The vibrations of the machine were also what kept the zealots away. Their diseased, deformed bodies and their rage. Their absolute need to take and destroy. If Adi had powered the harvester’s machine down to preserve the isotope… Xaea didn’t want to think about it. She skidded around the corner, out of breath and scanned her wrist at the door. The implant glowed green beneath her skin and the door slid open. She jumped into the Axsim. The room was full of them. They were used before the development of the hive drone technology that allowed one pilot to simultaneously operate thousands of drones in the trans-modern age. One pilot, one drone. So modern.

Communications travel at the speed of light between Earth and Mars. That’s three minutes, plus maybe a minute for Adi to hack the harvester, and a minute for me to get here, Xaea thought, as her cockpit slid into a domed cocoon and the displays lit up. She entered her target destination, grid 99871, and the countdown started.

BUFFERING 3:03… BUFFERING 3:02… BUFFERING 3:01…

Adi glanced back at the feed from the security cameras around the harvesters. Two showed nothing but static. The others were crawling with zealots. There was no sound through the feed, but Adi new they were screaming. Their limbs flailed, breaking acrimoniously against the carbon shell of the harvester. Carbon was strong, they would never break in, but it was also highly conductive. Another camera gone. The zealots tore them away to get access to the power lines. He looked at his watch. It had been five minutes since he sent the text to Xaea. No way to know when or if she saw it. He looked back up at the control panel. Another camera gone. Power availability was dropping fast. The harvester could only produce 2 gigawatts, enough to power life support systems, the containment module, and the machine. Fighting the zealots was pointless; it would only put additional strain on the fusion reactor. They would never stop coming while the machine was off. The zealot’s hunger for power was animal, their lust for electricity instinctual.

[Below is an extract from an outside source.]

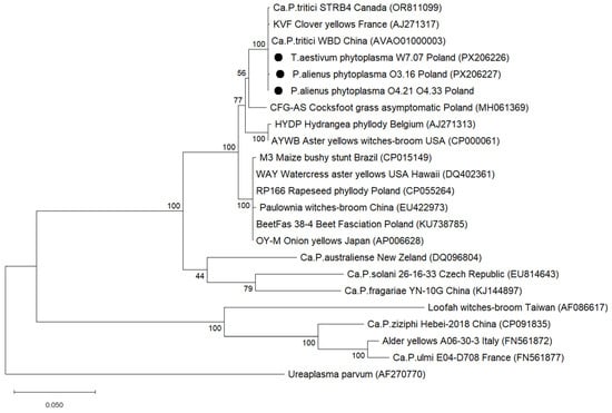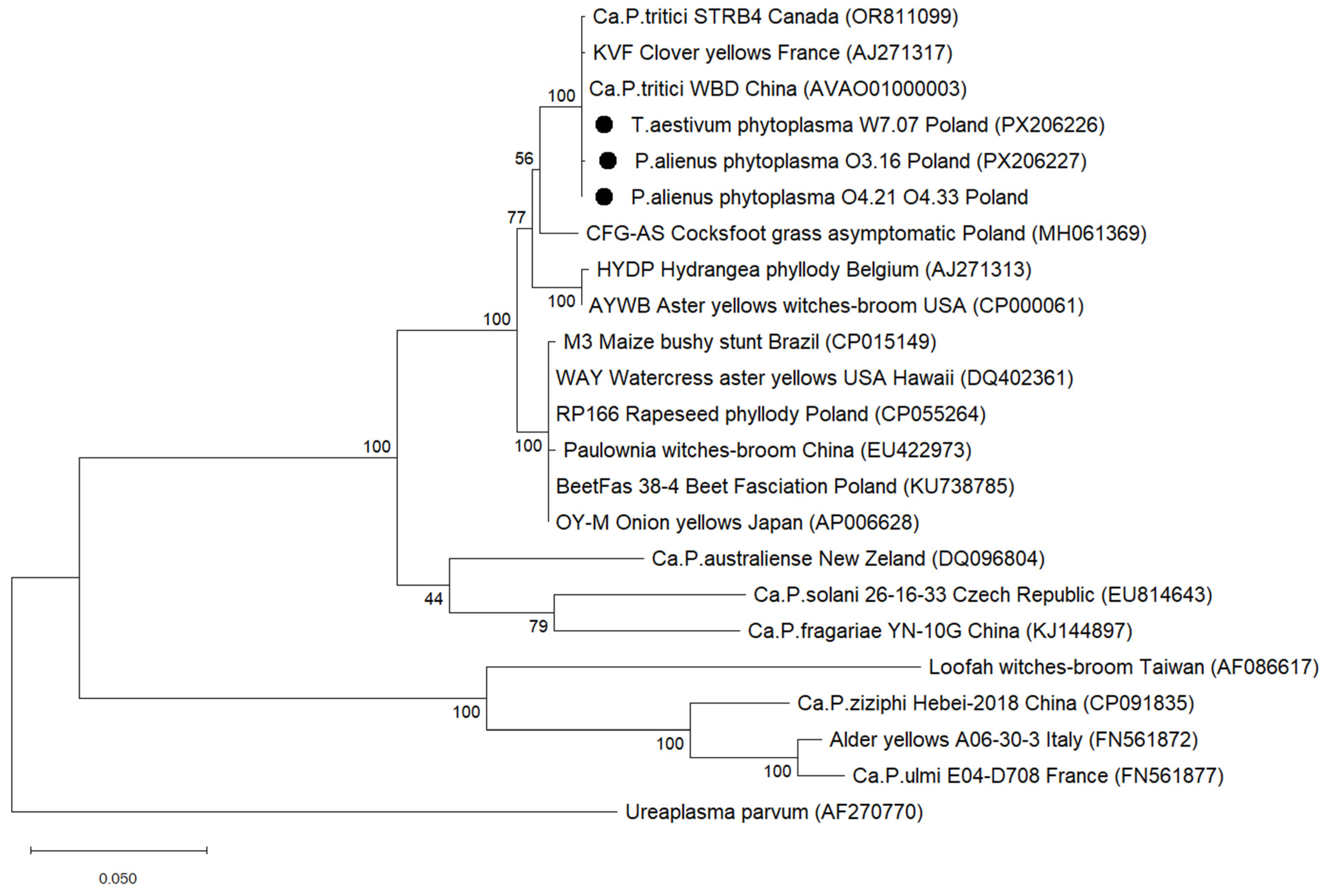 Furthermore, pairwise comparison of the 16S rRNA gene variants revealed that the phytoplasma strain isolated from wheat samples in Poland shares identical sequences with the WBD phytoplasma (NCBI reference NZ_AVAO01000003), previously identified in China as subgroup 16SrI-(R/S)C—commonly referred to as the 16SrI-C strain—and recently named ‘Ca. Phytoplasma tritici’ [6]. Although the WBD sequence is not currently retrievable via standard BLAST searches, the similarity between the sequences was confirmed through direct comparison.

A fifth camera went to static as Adi sat down, picked up Badgerblood, and began to read. His breathing slowed and he felt a sense of peace and clarity. His heart rate slowed. He reached up, placing two fingers on the tattoo just above his sternum. Xaea was coming.

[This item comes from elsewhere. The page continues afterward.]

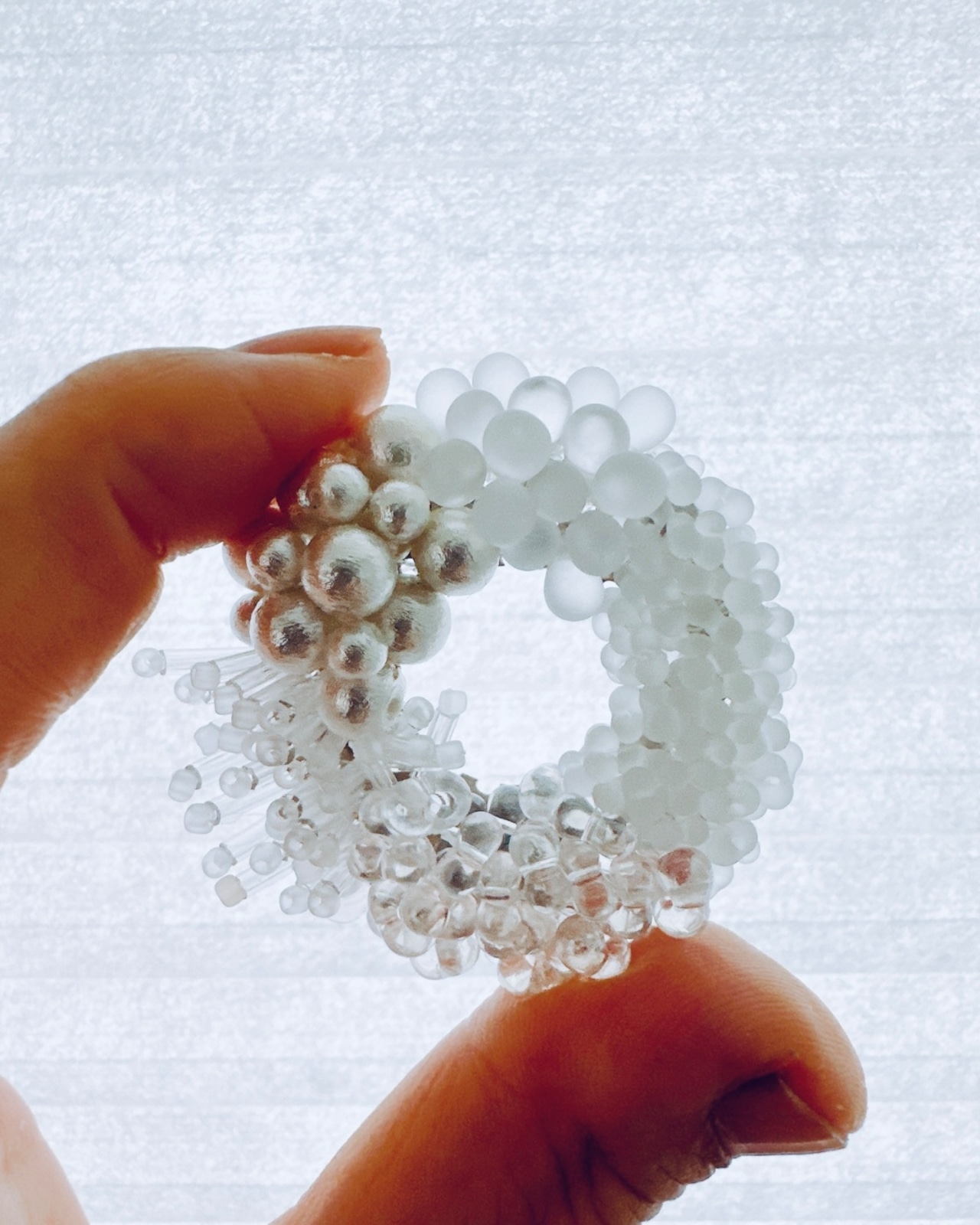 ・ガラスビーズの透明感はスタイリングにすっと馴染む

BUFFERING 0:03… BUFFERING 0:02… BUFFERING 0:01…

Xaea’s simulation came to life. She was in a drone launched from a suburb in grid 99800. She turned the drone North toward the city and began to accelerate. “Hold on, Adi,” she cried aloud, expertly navigating through the dust devils, “I’m coming!”

Two minutes later, Xaea’s drone arrived at Harvester 99871. She circled once, then launched a decoy reactor about 200 meters from the site. The swarm of zealots moved like angry bees, dismounting the harvester and rushing the new, pulsing energy source. Xaea maneuvered the drone into position and docked with the containment module, initiating the transfer of the isotope. Her system confirmed 235, and she barely noticed the shockwave ripple through the dust around the drone as the decoy reactor exploded like a grenade in a blinding flash of pure light.

Xaea undocked the drone, diving from side to side as she climbed to dislodge the zealots who leapt after her and clung to the drone’s edges. The decoy had only killed a few hundred of them. The rest were returning to the harvester. Xaea circled high above, camera zoomed in on the machine below. The system log showed that power dropped to 5% just three minutes before she arrived. Life support systems had been shut off by the operator at that moment to preserve power for the containment module. They came back online when the drone docked. Three minutes without air.

“Please,” Xaea whispered to the stars as she reached up and placed two fingers just above her sternum, touching the silver, heart-shaped tattoo. Three minutes more and that locket would tell her everything.